# Polar express whistle/horn issues



## jman (Dec 19, 2017)

Hi everyone,

Noticed today that the horn/whistle on my Lionel polar express is not working. All other sounds including the tom hanks script works as expected. Trying to figure out if the issue can possibly be the remote.

Please let me know your thoughts or recommendations.

thank you in advance !


----------



## mlg (Mar 24, 2018)

I have a similar but, unfortunately worse, sound issue.

My HO Polar Express loco has stopped making sounds and will not respond to the bluetooth remote. If I place the Remote/Track switch in the Track position my DCC system can turn the loco lights on/off and control movement and change speed but no sound.
When I place the Remote/Track switch in the Remote position and turn on track power the front and rear lights flash rapidly. There is no "chime" sound when track power is turned on. When the remote is turned on the led on the remote flashes rapidly with no response from any button or speed change.
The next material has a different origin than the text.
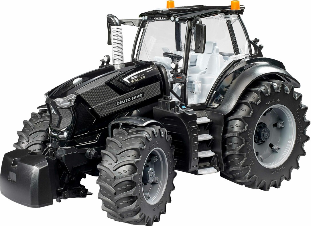 Der 8280 TTV von DEUTZ-FAHR: Wo Kraft auf Präzision trifft. Der 8280 TTV ist eine zuverlässige und starke Arbeitsmaschine mit dem perfekten Technologiemix für professionelle Landwirte. Mit beeindruckenden 287 PS ist dieser Traktor allen Herausforderungen gewachsen. Besonders beeindruckend in Sachen Design ist die exklusive, schwarze Variante dieses Traktors, der Warrior. Auch in punkto Funktionalität und Qualität steht das neue Modell von BRUDER im Maßstab 1:16 dem Vorbild in nichts nach, getreu dem Motto - Just like the real thing. Die Fahrerkabine ist voll verglast und die Türen sind einfach zu öffnen. Die aufklappbare Motorhaube gewährt Einblick auf den Motor. Die einfache Lenkbarkeit wird durch die eingebaute Pendelachse und die, durch das Schiebedach einsetzbare Lenkverlängerung erreicht. Zur Erweiterung dieses Modells kann ein Frontlader (Art.-Nr. 03333) montiert werden. Für noch mehr Spielspaß sind die abnehmbaren Räder angebracht. Die Erweiterung durch das Figurenset Werkstatt (Art.-Nr. 62100) erhöht nochmals den Spielwert dieses Traktors. Selbstverständlich passen an dieses schwarze Schmuckstück alle landwirtschaftlichen Anhänger und landwirtschaftlichen Arbeitsgeräte aus dem Hause BRUDER.

I have tried the Lion Chief App and it does not connect to the loco.
I have tried, many times, to reset the decoder using the bluetooth remote procedure in the manual with no change.
Most decoders I have worked with will reset back to factory defaults if you write a specific value to the right CV. Writing 8 to CV 8 is common. All I see in the manual is writing to CV 8 will do a full decoder reset. If I write 8 to CV 8 the loco front and rear leds blink once but there is no other change. 
If the bluetooth remote reset procedure in the manual does not work does anyone know of any other way to reset the decoder?

On another forum I did read where a frustrated user swapped out the Lionel decoder for a Digitrax decoder. Does anyone know which sound decoder may be compatible? I really do not wish to lose the Tom Hanks voices but having sound is something the grand children really like. 

Thanks,


----------